Incluso Ulises, arquetipo del navegante y viajero, tuvo que sufrir numerosos años de
cautiverio: Calipso, los lotógagos, los cíclopes, los lestrígones, las sirenas o Penélope, son
sólo algunos nombres de las prisiones que retienen al protagonista de la Odisea, la última,
de manera perpetua. El viajero visita, expresamente o no, toda clase de grutas, tan oscuras y
herméticas como la de Polifemo o la que describe Platón en un célebre pasaje de la
República, que retrasan su travesía: el itinerario político, el trayecto religioso, la ruta
científica, éxodo iniciático... Para algunos de estos aventureros, esta estancia en una celda
más o menos consistente se transforma en un auténtico tomento, el peor de todos; mientras
que otros tahúres, antiguos y modernos, descubren entre estas cuatro paredes lóbregas y
húmedas de la prisión algunas de las verdades más elementales de la existencia: una
felicidad muy parecida a la que destila la domesticidad.

Todas las historias penitenciarias, como todas las películas de prisiones, son muy
coincidentes: desde Clint Eastwood a Tim Robbins. Las mazmorras demarcan de forma
clara las posibilidades de nuestro héroes. Entre rejas se puede leer, estudiar, charlar, hacer
un poco de deporte o escribir un libro y poca cosa más. Es así como Séneca redacta obras
de teatro, Sade garabatea sus historias lúbricas, Dostoievsky bosqueja una novela sobre la
casa de los muertos, Wilde y Havel componen sendas largas cartas de amor, o como Boecio
caligrafía un ensayo sobre la felicidad, el bienestar que ha perdido en cautiverio y el que
descubre entre las cuatro paredes de la celda. Wilde afirma sobre esta experiencia:
“...querría que pudiésemos hablar de las numerosas prisiones de la vida –las prisiones de
piedra, las prisiones de la pasión, las prisiones de la moralidad y las otras–; todas son
limitaciones, externas o internas, todas son prisiones, realmente. Toda vida es una
limitación.” De la misma manera, Havel sentencia: “el mundo de aquí parece más auténtico
que el de afuera. Aquí las cosas y las personas se revelan en su verdadera sustancia.
Desaparece la mentira y la hipocresía. Cuando esté en libertad, te contaré muchas cosas
interesantes relacionadas con todo esto”. Aunque un poco más adelante tiene que
reconocer: “la creación mental es imposible sin la interacción de algunos impulsos
exteriores; el alma aislada no se desarrolla, más bien se atrofia”. Ésta es sólo una de las
razones que explica por qué el primer objetivo que debe plantearse todo prisionero es
escapar. De la misma manera que me parece evidente que el propósito capital de todo
hombre es intentar ampliar los horizontes de su existencia, aunque sólo sea haciendo
turismo.

Y no es que las excursiones o los viajes sean dos costumbres que podamos atribuir a
la época o al personaje que nos ocupa, sino al contrario. Nada más lejos de una visión del
mundo cosmopolita y tolerante. Por lo general se afirma que el hecho más importante de la
“noche de la Alta Edad Media” es la abolición del Imperio Romano de Occidente. El río de
Marsala que atravesaba el ocio romano se agua. La cultura se convierte en un puente sobre
las aguas turbulentas.
Los baños romanos pervivieron en los monasterios, pero únicamente para los
enfermos. Huelga decir que en ese trayecto de perdió el erotismo de las abluciones. La
mujer y el hombre sólo se podían desnudar en la cama para procrear. El cuerpo empieza a
ser un tabú, a pesar de que algunos príncipes carolingios se bañaban los sábados en el río
acompañados de sus invitados. Cada sexo tiene sus propios utensilios de limpieza: peine,
pasadores para los cabellos o pinzas depilatorias.

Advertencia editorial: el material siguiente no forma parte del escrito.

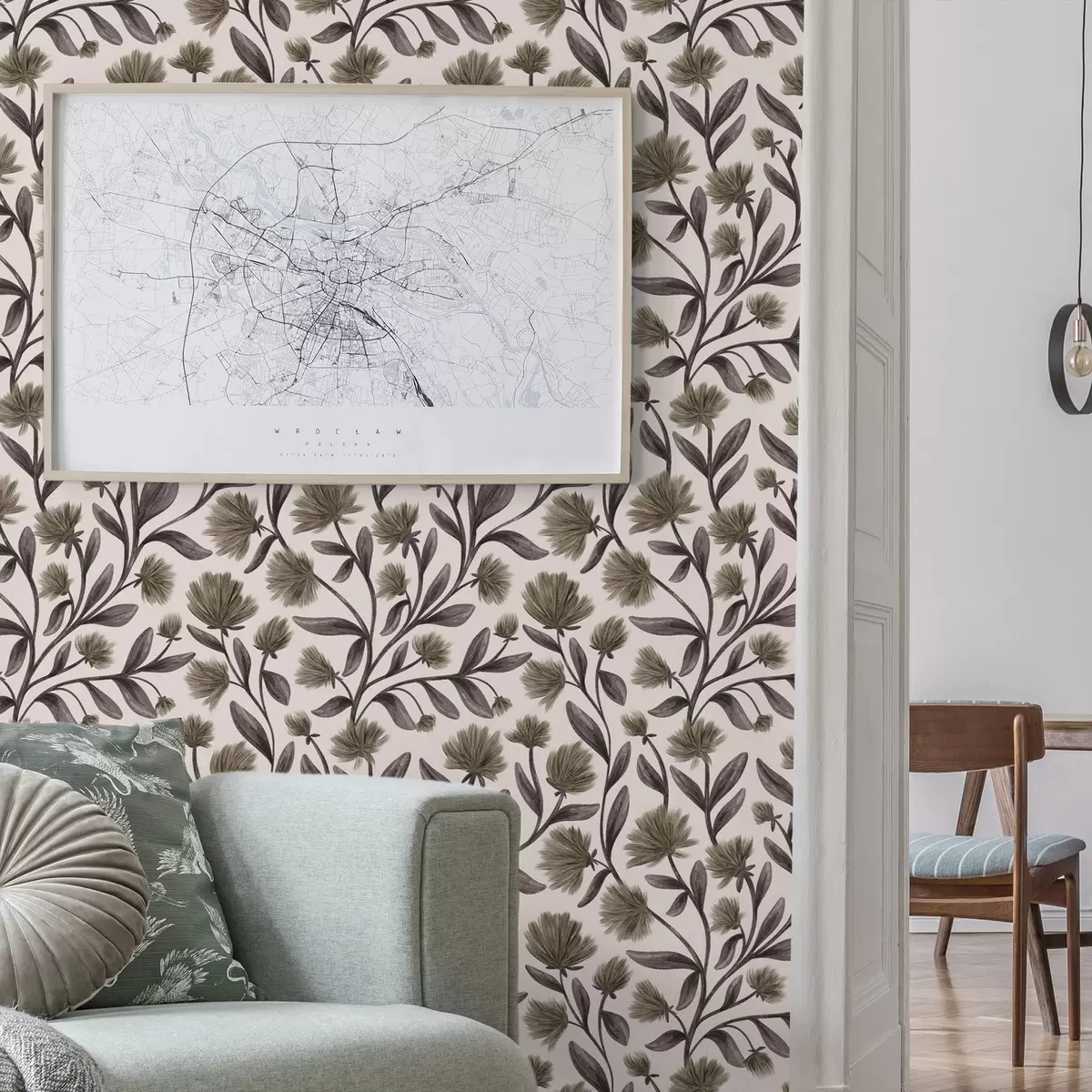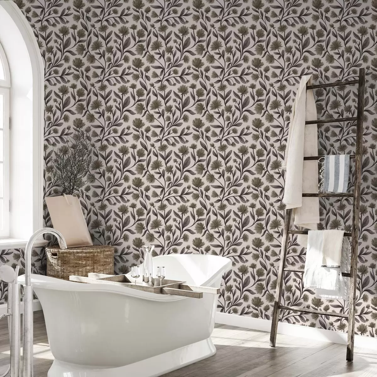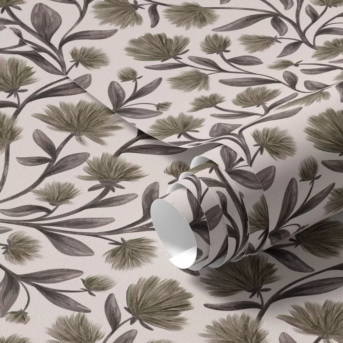 Wallpapers Wildflowers in gray-olive tones on a cream background Nr. a00623v1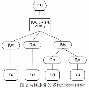 多代理层次模型如图2 所示。这个模型 主要是用来改进开放式网格服务系统的性 能的.在所提出的结构中,网格服务功能是由代理所表现出来的。

La costumbre gálica de comer sentados alrededor de una mesa se generaliza. Los


francos inventan la sopa y los galos el puré de lentejas. Los banquetes continúan siendo
cuantiosos pero también pierden el refinamiento romano. En la época carolingia, un monje
consume dos kilos de pan, un litro y medio de cerveza o vino, 100 gramos de queso y un
puré de lentejas o 250 gramos de garbanzos (dieta que suma unas 6,000 calorías, el doble
de lo que hoy consideramos necesario para una persona que trabaje en el campo).

La palabra amor no se utiliza nunca en un sentido positivo, siempre se identifica con


una pasión destructora que deshace familias. Un deseo de los sentidos gobernado por el
diablo, según la visión cristiana. La iglesia, sin embargo, debe tolerar el divorcio por
consentimiento mutuo de la época romana, o debe hacer la vista gorda ante la costumbre de
raptar y violar a mujeres que se practicaba en aquel momento: la violación de una mujer
libre se castiga sólo con el pago de una multa. El adulterio se considera una falta grave que
se castiga con la muerte.

Las distracciones más de moda en la época eran los juegos. Los dados y el ajedrez
entre los nobles y la caza para todo el mundo. el adiestramiento más importante para un
joven se realiza de manera paralela el desarrollo de esta segunda actividad: una guerra
privada entre el hombre y el animal en la que perdura el placer romano de matar.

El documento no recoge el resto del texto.